Existe uma biscat dentro de você


- Biscat alternativa: adora fun, sua diva é a florence, assina revistas de maquiagem, posta textos da tati bernardi no facebook e frequenta festinhas de bandas cover dos strokes e los hermanos desde 2005.

- Biscat pirigótica: sempre de batom preto e cabelo raspado do lado, adora aparecer com cara de bebada nas fotos da balada lixo, é fã da alice glass , tem dois gatos e posta fotos de hematomas no tumblr.

- Biscat tropical: tem uma coleção de vestidos floridos, adora o rio de janeiro e copia todos os looks da zooey deschanel, fica toda derretida com as músicas do best coast, usa uma lomo pra fotografar o céu, frequenta galerias de arte e tem um namorado com cara de roqueiro hippie.

- Biscat hype: super antenada na cena musical da suécia, decora todas as resenhas da pitchfork, tem um tumblr minimalista de art noveu, é fã de grimes e discoteca nas festinhas fechadas no apto da amiga rica.

quinta-feira, 28 de junho de 2012

Dane-se a sensatez


Era a oitava apresentação da noite. O barulho da empolgação das pessoas se misturava ao barulho dos outros quatro shows que aconteciam ali, numa simultaneidade que incomodava pela rapidez com que todo mundo passava por mim, deixando a sensação de que ali não era o melhor lugar para ficar.

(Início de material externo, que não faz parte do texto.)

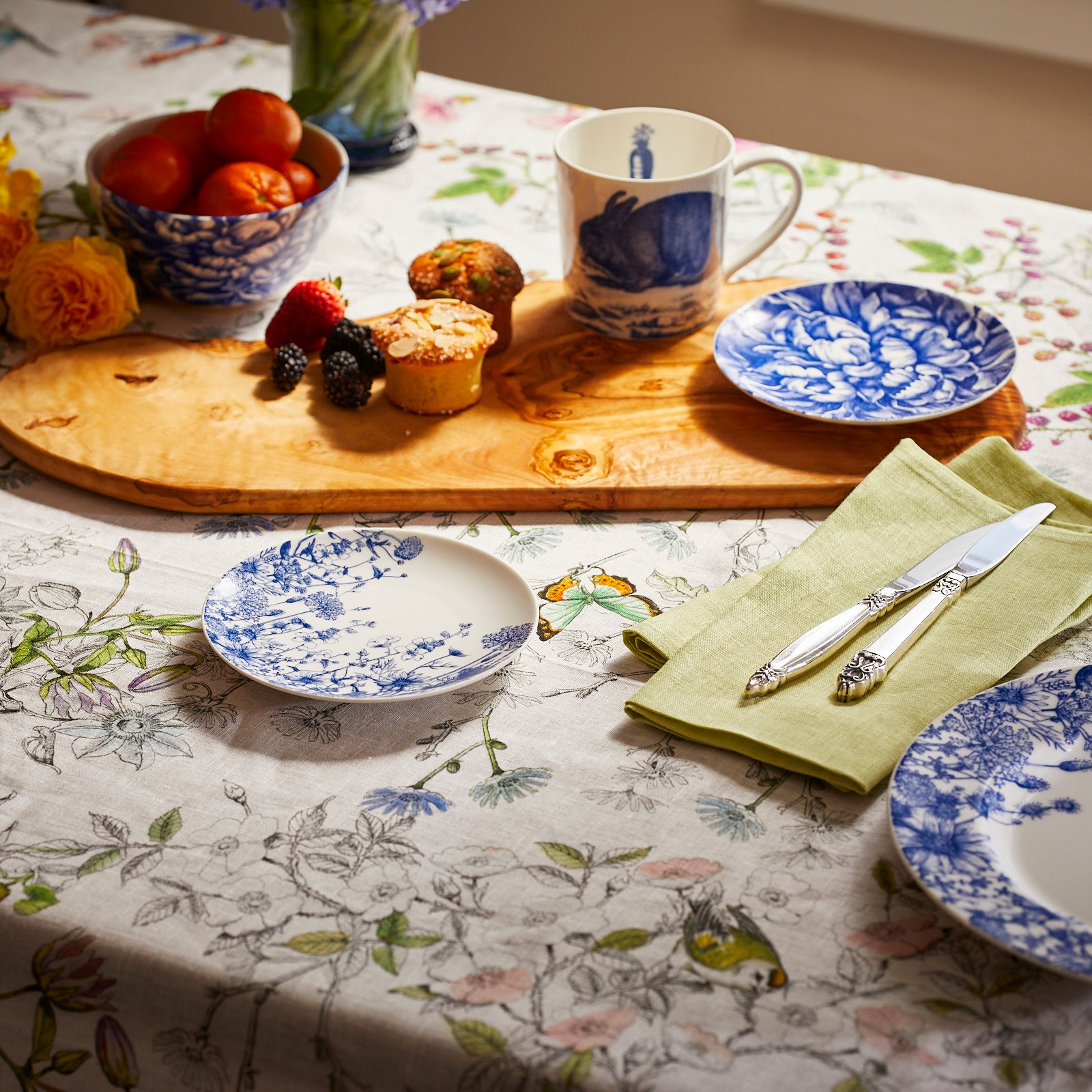 Goodbye winter! Bountiful blooms and garden gate hopping bunnies in rich blues and verdant greens splash across creamy porcelain.

Eu não esperava,  já havia me conformado em vê-lo apenas a cada duas horas e logo perdê-lo de vista, tendo que aguardar os astros o trazerem de volta para que pudéssemos trocar sorrisos disfarçados novamente.

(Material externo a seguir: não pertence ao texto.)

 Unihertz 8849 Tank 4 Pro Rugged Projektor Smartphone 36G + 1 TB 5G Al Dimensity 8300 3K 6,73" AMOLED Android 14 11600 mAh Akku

E que disfarce, ele disfarça desinteresse olhando pra baixo, ele disfarça a falta de um agasalho com uma jaqueta jeans surrada, ele incomoda disfarçando o desenho dos seus lábios com uma barba laranja que irrita de tão sexy. Ele irrita. Irrita porque eu não precisava, eu não precisava perder horas achando que aquela janela do Gtalk é a coisa mais importante do meu dia, eu não precisava achar que agora a minha felicidade depende de um avião, eu precisava achar que estou sendo insensato em não parar por aqui e eu não quero parar,  eu não quero parar de querer arrancar todos os seus botões apenas com o que eu posso dizer através do teclado.

Eu tenho medo. Medo de você passar como um trêm desgovernado e atropelar a minha alma. Eu tenho medo de ser um saquinho frágil de bolinhas de gude e de você me abrir, deixar as minhas bolhinhas correrem cada uma para um canto do mundo e entrarem pelas valetas do universo. E eu nunca mais conseguir me juntar do jeito que sou agora. Eu tenho medo de nunca mais ouvir Trouble e sentir que aquele refrão deveria durar três vezes mais.

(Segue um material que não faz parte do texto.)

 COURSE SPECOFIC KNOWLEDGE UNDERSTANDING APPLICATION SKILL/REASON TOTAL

segunda-feira, 25 de junho de 2012

Troco órgãos por cubos de gelo

18 anos e uma coleção riquíssima em pessoas que simplesmente se foram. Algumas eu comemorei, com largos sorrisos e longas tragadas de nicotina, já outras se foram deixando crateras a nível dos alpes holandenses, como ladrões que passaram numa moto e arrastaram parte dos meus órgãos, num assalto ao restante de esperança em um dia compartilhar ao menos uma lágrima com alguém.

O organismo sempre reage. Reage cobrindo todo o restante vivo com uma camada sólida de gelo impermeável, tão eficaz quanto meia dúzia dessas vacinas que oferecem por ai. O resultado de tudo isso é uma existência gélida. O barulho das árvores balançando com o vento me emociona mais que a fome na África, o oitavo segundo de Pass This On me arrepia mais que a morte de um parente, a cena em que a Charlotte canta num karaokê em Tokyo me excita mais que qualquer grafismo muscular.

Talvez um dia eu olhe para todas aquelas fotos em sépia e sinta uma pontada na nuca por não ter insistido mais. Até lá, eu prefiro acreditar que nenhum sentimento é capaz de preencher o tamanho do buraco que eu me tornei. Não consigo sofrer porque sofrer seria menos do que eu sinto.  Ela preferiu me enterrar juntos aos seus dois gatos.